Table 6 shows that none of the existing approaches have an accuracy rate of 90%. What we know is that both traditional machine learning-based and deep learning-based approaches do not detect new encrypted malicious traffic well with only a small number of samples. The multi-class classification accuracy of our approach was 94.3% on the 5-way-1-shot settings (each task contains five classes of malicious encrypted traffic, with one sample in each class) on the ISCXVPN2016 dataset. When the setting was changed to 5-way-5-shot, the accuracy of our approach increased to 97.9%. The classification accuracy of the FMETD approach was 95% when tested on the CICAndMal2017 dataset in the 5-way-5-shot tasks, and in the 5-way-10-shot tasks, the accuracy reached 97.8%.

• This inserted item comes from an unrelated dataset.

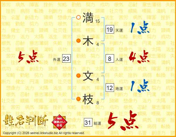 生活面を象徴する運勢です。外部から受ける影響力を表し、結婚運、家庭運や職場、環境への順応性を表します。総運から人運を引いた画数。姓や名が1文字の場合を除く。

Experimentally, it can be found that when there are only a few samples that can be used to train the classification model, the detection accuracy of the FMETD approach for new classes of malicious encrypted traffic is much higher than that of the existing state-of-the-art approaches. Many existing approaches need to be trained on a large amount of traffic data to accurately detect specific classes of encrypted network traffic. However, in real network environments, the classes of malicious encrypted traffic are not static and few are labeled. So, the performance of existing approaches drops dramatically on these new classes of traffic. Our approach uses MAML to learn an optimal set of initialization parameters for CNN on a set of classification tasks. The model with these initialization parameters can quickly adapt to new class data with few training samples. The experimental results show that the FMETD approach can effectively make up for the shortcomings of the existing approaches and significantly improve the classification effect of the new class of traffic data under a low label rate of training samples.

7. Conclusion

The effectiveness of the existing malicious encrypted traffic detection approaches is deteriorated due to the rapid development of the Internet and the wide application of encryption technology. Existing approaches have low detection accuracy and poor generalization when only a few labeled traffic is available. In this paper, we propose a few-shot malicious encrypted traffic detection (FMETD) approach based on MAML, which integrates feature selection and classification into an end-to-end framework. In our approach, we take the two-dimensional grayscale images converted from the raw traffic data as the input of the deep learning model. We train the CNN on the classification tasks consisting of support set and validation set using MAML for efficient malicious encrypted traffic detection. Experimental results show that the FMETD approach can quickly classify malicious encrypted traffic with high multi-class classification accuracy. Our approach achieves efficient and accurate detection of new classes of malicious encrypted traffic which is invisible in the training phase when there are only a few kinds of labeled traffic, demonstrating the strong generalization of this approach.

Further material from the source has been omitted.